I just want you to know that stevia is not the "healthy alternative", just because it's "natural". In fact, for stevia we even know that it will kill lactobacilli, i.e. those bacteria of which we think that they are the good guys (learn more about how stevia messes with the gut micriobome).

Among the seven aspartame consumers and seven acesulfame-K consumers (some consumed both), the researchers did indeed find some significant differences in the bacterial make-up compared to those subjects who had abstained from consuming sweeteners in the four days before the fecal samples were collected. I quote from the FT (Frankenfeld. 2015):

• Bacteriodetes and Firmicutes had the highest median abundances and together accounted for the majority of the bacterial class representation in all individuals. 
• The median Bacteriodetes:Firmcutes ratio did not significantly differ across aspartame non-consumers (0.96, range: 0.15-2.97) and consumers (1.08, range: 0.69-1.87), (median test p-value=0.60). 
• There was no overall visual clustering of individuals by acesulfame-K consumption . 
• Overall bacterial diversity evaluated with UniFrac analysis was different across consumers and non-consumers, but there were no significant differences in relative abundance of gene function across consumers and non-consumers (Figure 3).
• There were no observable difference in the three individuals who consumed both aspartame and acesulfame-K (Supplemental Figure 1). 

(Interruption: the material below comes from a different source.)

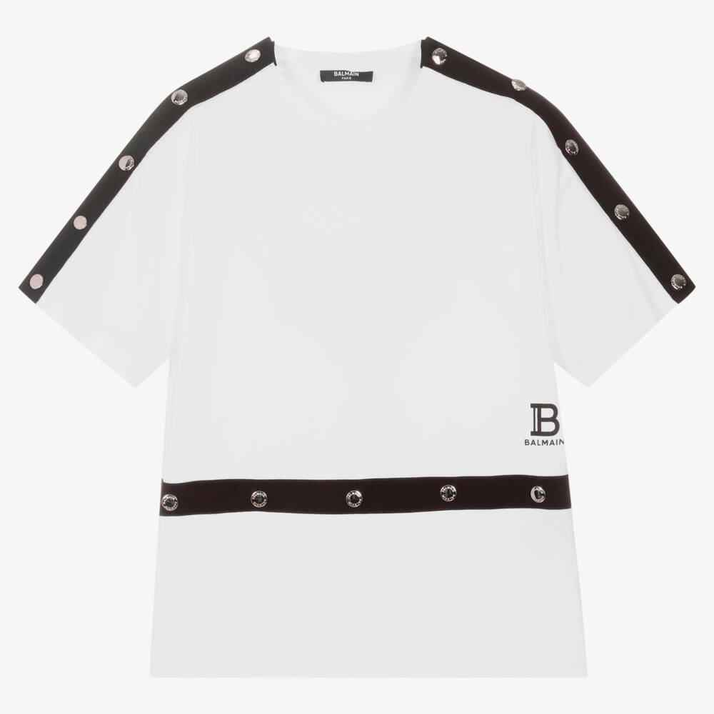 Teen boys white cotton T-shirt by luxury French designer Balmain, with a black logo print on the front. There are silver branded studs on the black trim across the front and matching popper fastenings on the shoulders. Made in soft and comfortable jersey, this piece combines easy wearing fabric with contemporary touches.

So, let's briefly sum this up. In line with the overall hysteria about sweeteners, the changes were more significant in the aspartame group (p<0.01) than they were in the acesulfame-K group (p=0.03), but this could be explained by the simple fact that the subjects consumed significantly more aspartame (one can of diet coke contains 150mg, by the way) than acesulfam-K (5.3 mg/day to 112 mg/day vs. 1.7 mg/day to 33.2 mg/day).

Figure 1: Yes, there were differences in the bacterial make-up of the gut microbiome of the four groups, but no one can tell you what these or the vast individual differences in the groups mean for your health (Frankenfeld. 2015) !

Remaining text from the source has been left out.